# Where do I buy piano wire to make duster rigs?



## jspooney (Oct 2, 2007)

Looking for the best price. Thanks


----------



## MikeG (Oct 5, 2007)

Any bait shop has single strand leader wire.


----------



## jspooney (Oct 2, 2007)

DoneDeal2 said:


> Any bait shop has single strand leader wire.

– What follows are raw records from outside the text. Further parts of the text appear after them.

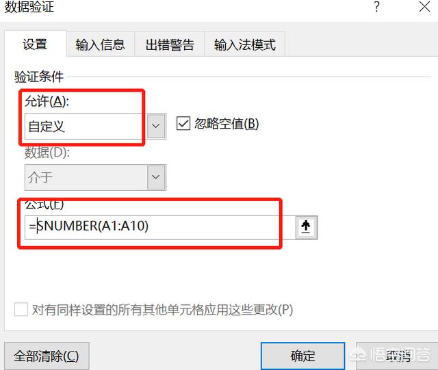 步骤4:在公式中输入=ISNUMBER(A1),这里单元格的区域,这里可根据自己的情况输入。
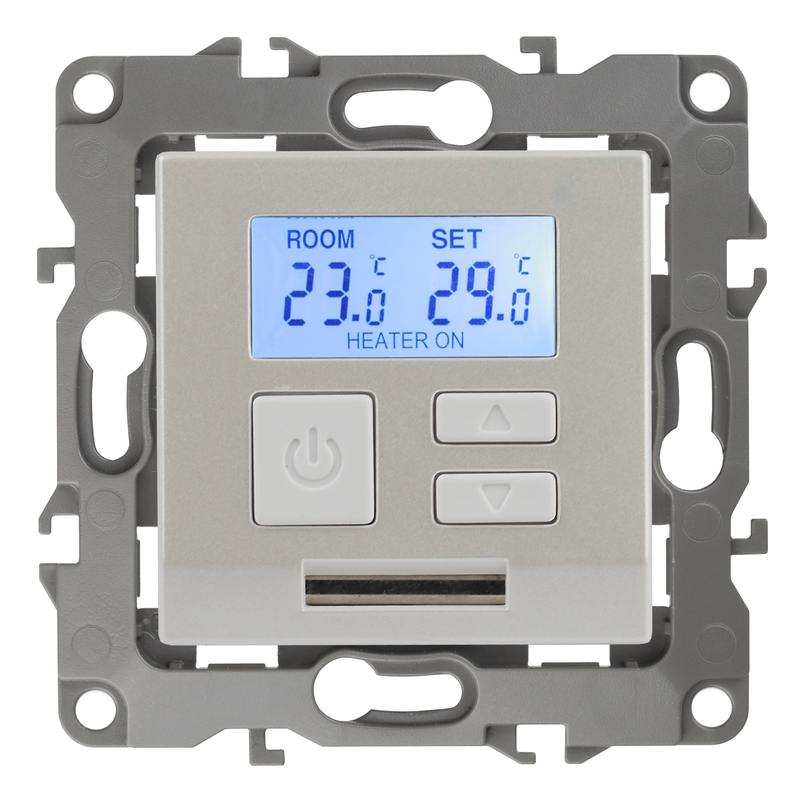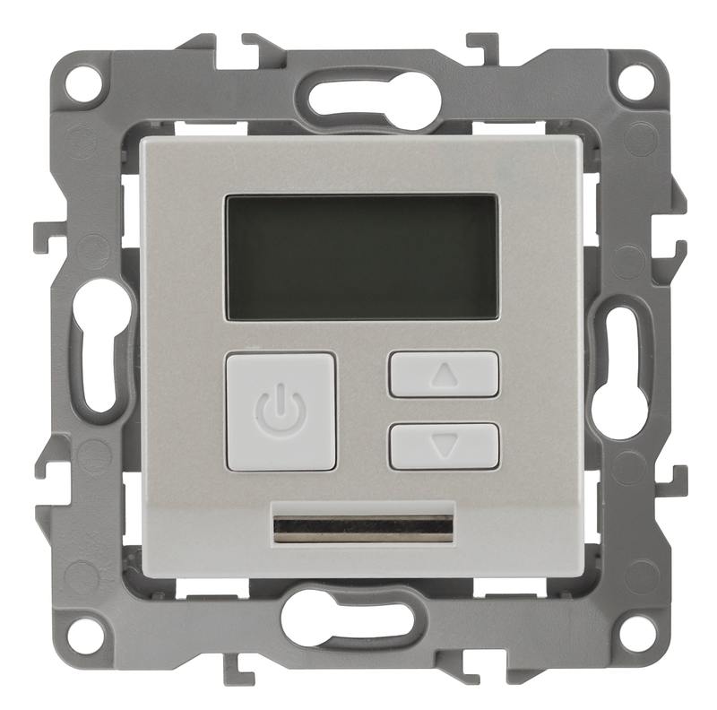 Терморегулятор теплый пол / отопление электронный серии Эра 12 СУ механизм цвет перламутр 12-4111-15. Номинальные характеристики 16А 230В. Сделана из поликарбоната. Монтаж в подрозетник производится и на лапки, и на винты. Рамки приобретаются отдельно. Рамки Эра 12: 1 пост 12-5001-хх, 2 поста 12-5002-хх, 3 поста 12-5003-хх, 4 поста 12-5004-хх, 5 постов 12-5005-хх. Рамки Эра 12 Сатин: 1 пост 12-5101-хх, 2 поста 12-5102-хх, 3 поста 12-5103-хх, 4 поста 12-5104-хх, 5 постов — 12-5105-хх (хх — код цвета: 01-белый, 02-слоновая кость, 03-алюминий, 04-шампань, 05-антрацит, 06-чёрный, 07-ольха(белёный дуб-сатин), 08-вишня, 09-дуб, 10-венге, 11-сосна, 21-жёлтый, 22-оранжевый, 23-красный, 24-охра, 25-бордо, 26-лайм, 27-зелёный, 28-голубой, 29-синий).
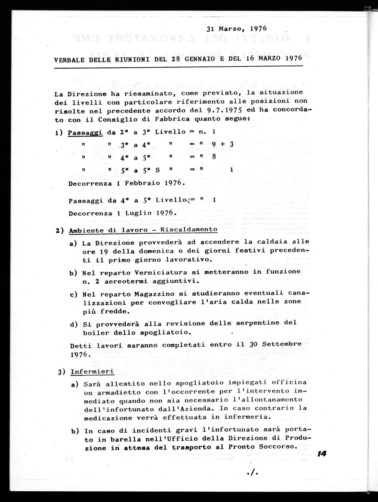 La Direzione ha riesaminato, come previsto, la situazione dei livelli con particolare riferimento alle posizioni non risolte nel precedente accordo del 9.7.1975 ed ha concordato con il Consiglio di Fabbrica quanto segue:
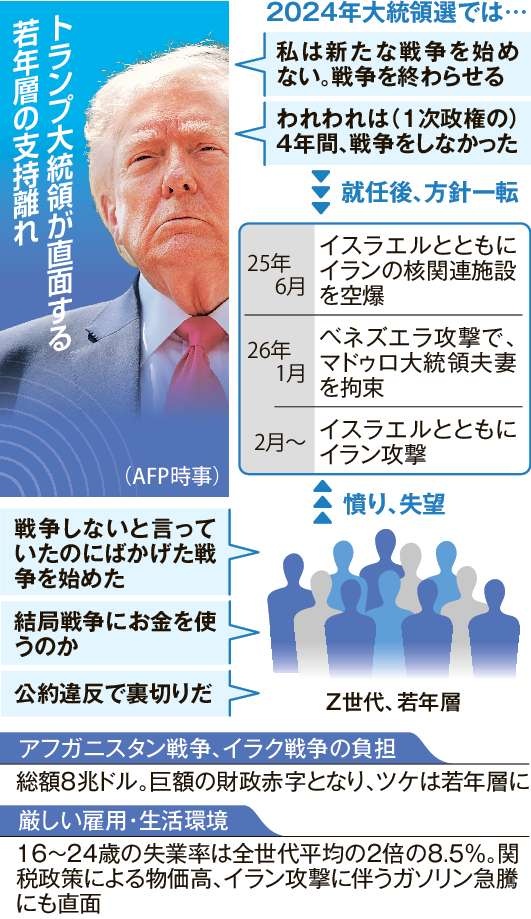 トランプ米大統領が1990年代半ば以降に生まれた「Z世代」の支持離れに直面している。イラク戦争など米国の対テロ戦争の泥沼化を見て育ち、海外への軍事介入に否定的とされる世代で、トランプ氏が踏み切ったイラン攻撃は「米国第一主義」への裏切りと映るという。雇用環境の悪化に加え、イラン攻撃によるガソリン高など生活の苦しさも相まって、今後若者の不満は強いうねりとなりかねない。
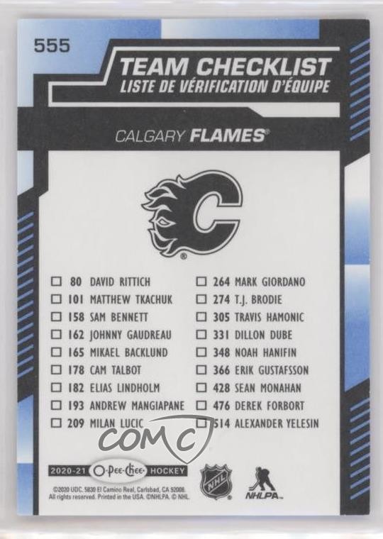 2020-21 O-Pee-Chee - [Base] - Blue Border #555 Team Checklist - Calgary Flames - Ice Hockey Card - Featuring the Calgary Flames - Featuring Calgary Flames Search for more: 2020-21 O-Pee-Chee Search for more: 2020-21 O-Pee-Chee - [Base] - Blue Border View all of our Listings Auctions Buy It Now About Us Located in the beautiful Pacific Northwest, COMC (Check Out My Cards) is the world's largest consignment service for trading card singles. More than 10,000 people have used our consignment service to list over 50 million trading cards. Find out how we can help you consign your items on eBay by contacting us through eBay messaging. COMC -- "The Safe & Easy Way to Buy & Sell" Representative Image - Select Specific Item above to see image of actual item Representative Image - Select Specific Item above to see image of actual item Raw Condition for Modern Cards Unless otherwise noted, raw modern cards are listed in Near Mint-Mint condition or better. A NM-MT card appears to be Mint at first glance, but upon closer inspection, may exhibit some of the following: minor print defects (e.g. roller marks, print line, dimple), minor scratches, slight edge wear, and slight corner wear. Centering is clearly visible in the images provided and does not factor into our condition assessment. Raw Condition for Vintage Cards Unless otherwise noted, raw vintage cards are listed in Excellent condition or better. An EX card may exhibit some of the following: minor rounding of corners, surface wear, print defects, light scratches, and slight edge wear/chipping. Centering is clearly visible in the images provided and does not factor into our condition assessment. Domestic Shipping Combined shipping for multiple items is available. To receive combined shipping, please ensure all desired items are in your eBay shopping cart before proceeding to checkout. eBay limits orders to 40 items per order. We automatically combine multiple orders placed on the same day. If you place multiple orders on the same day, please contact us to request a refund of applicable shipping costs. Signature confirmation may be required on invoices over $400. All cards are protected and shipped securely. International Shipping COMC offers eBay's International Shipping (EIS) for international orders under $2,500* (see country exceptions below). All duties and import fees are paid at checkout; in the rare event that there are additional import fees upon delivery, these are borne by the buyer. EIS packages route through a shipping hub in Erlanger, KY before shipping to their final destination. Please note that EIS does not allow for combined shipments. The shipping rates are determined by eBay and cannot be adjusted. *Maximum sale price exceptions: Colombia, Kuwait ($2,000); Taiwan ($1,539); Chile, Costa Rica, Guatemala, Honduras, Trinidad and Tobago ($1,000); Antigua and Barbuda, Aruba, Belize, Dominica, Grenada, Philippines, Saint Kitts and Nevis, Saint Lucia, Montserrat, Turks and Caicos Islands ($500); Dominican Republic, El Salvador ($200). Please request a shipping quote through eBay messaging for orders that exceed the maximum sale price supported by eBay's International Shipping. You will be responsible for all duties and import fees for international orders shipped outside the EIS. All cards are protected and shipped securely. Payment COMC does not accept offers on our cards through our eBay storefront. COMC utilizes eBay’s managed payments system. If you are experiencing difficulties making a payment, please contact eBay for assistance. Return Policy Returns are only accepted on the rare occasion the item is not as described. If you are making a return, please initiate the return process through eBay so a mailing label can be provided for you. Prior to listing, our expert team carefully assessed this item to represent it accurately. Please review the description and high-definition images prior to purchasing to ensure this item meets your satisfaction. We welcome you to contact us if you have further questions about this item. Trust and Integrity COMC carefully assesses each item consigned to us to prevent fraudulent items from entering the marketplace. If you believe an item offered on COMC may be fraudulent, please contact us with details so we can investigate the issue. Items we determine are outside our supported items policy may be removed. Last Modified: 6/7/2025 7:14:50 AM PDT

Gotcha. I heard "piano wire" and wondered if that was something special to use.


----------



## SnapperSlapper (Feb 13, 2009)

Single strand wire. Malin or American Fishing Wire single strand. I use #5 or #6 for kings, but that is just me. I know some charter boats that use heavier because they don't want to have to always change out leaders, and they catch big fish. I know some people that use #4 or even #3 because they think kings can see the leader. Some of them catch some big fish too.


----------



## Pompano Joe (Jan 28, 2009)

Piano wire??? Hey Spooney...is that to catch Tuna Fish? Tuna Fish...Tune...ah...


----------



## jspooney (Oct 2, 2007)

Pompano Joe said:


> Piano wire??? Hey Spooney...is that to catch Tuna Fish? Tuna Fish...Tune...ah...


You're funny dude. You need a live well or what?


----------



## Pompano Joe (Jan 28, 2009)

I take it all back and extend my most sincere apologies...did you say something about a live well?


----------



## captken (Feb 24, 2008)

*Best bang for the buck is at Malin.*

More feet per package.

RE: Size. For duster rigs with safety pin snap for Cigar Minnows I have always used #7. White Marlin, Sailfish and Wahoo, with 50# tackle, #9. Blue Marlin with natural bait, #12.

With lures I use cable if Kingfish and Wahoo are around. You can get by with 400# mono but you will lose an ocasional lure to a Wahoo or Cuda.


----------



## CCC (Sep 3, 2008)

Tony Soprano has some spoon.


----------